I always try to stay friends with my exes. I figure that if I liked them enough to date them I probably like them enough to at least be friendly toward them. I have one ex who, no matter how hard I try, cannot stand to make eye contact with me and frankly, it bites. His negative attitude toward me gives the relationship a sad, dark undertone and keeps me from focusing on the good times we had together. Because no one should have to feel terror or depression around people they once loved, here are some tips for dealing with an ex.
Before you break up
Don’t place blame on the other person or say things you know you’re going to regret. Unless the person did something like cheat on you or kill your favorite pet, breakups generally involve two people who no longer make each other happy. If you act like the other person is the only one in the wrong, it is hard to make up later and distorts the view of your actual dating life. Make it clear that you’re not breaking up to hurt them, but to help both of you. Don’t be mean for the sake of being mean. I’ve heard some pretty nasty things said during breakups that never should have come out. If you wouldn’t say it to a friend you were fighting with don’t say it during a break up.
After you break up
Make an effort. You may not want to be friends, but you probably don’t want things to be uncomfortable. Sometimes something as simple as liking their Facebook status says, “Hey, we’re cool, and I wouldn’t push you in front of a bus.” Say “hi” on the street or sit near them in class after you’ve had a reasonable break period. It can be super awkward the first few times but it helps defuse tension quickly. It is easy to demonize a person you never see again, so make sure you both remember that the other person isn’t really all that bad.
Don’t talk about your new significant other in front of them. This is the worst. One of my exes comes to me for advice about his new girlfriend and I hate hanging out with him more than I hate being in a room with the ex who is afraid of looking at me. Just because you used to be comfortable talking about sex with someone, doesn’t mean that you get to do it when you sleep with other people. Even if they say it is OK, avoid it.
Stop calling each other crazy. Someone may not have wanted to be with you, but that doesn’t make them crazy. People throw around this word too often. We are, for some reason, our most annoying selves around the people we date or used to date, but just because she got annoyed when you didn’t text her back or he got frustrated because you left socks everywhere doesn’t make someone crazy. It makes him or her human and you just happened to notice it more.
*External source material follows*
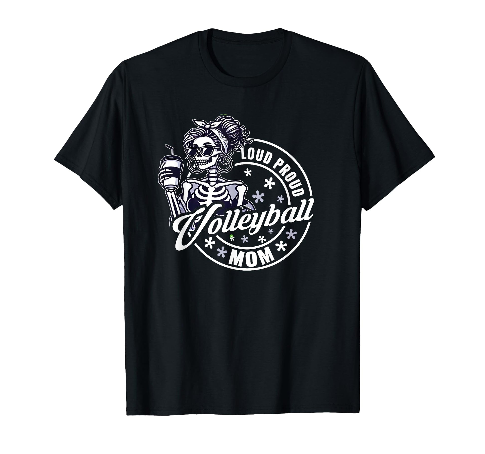 Volleyball Mom Skeleton Drinking Coffee Loud Proud Mother T-Shirt

We need to stop thinking about our exes as terrifying beings out to get us. Too many people think their ex is literally the worst person to have ever walked the planet and their sole purpose is to ruin lives. Most of the time this is completely untrue. Sometimes it is fun to create some drama in our lives, but don’t do it at the expense of your ex. Because things didn’t work out doesn’t make him or her a bad person, he or she just isn’t the right person for you.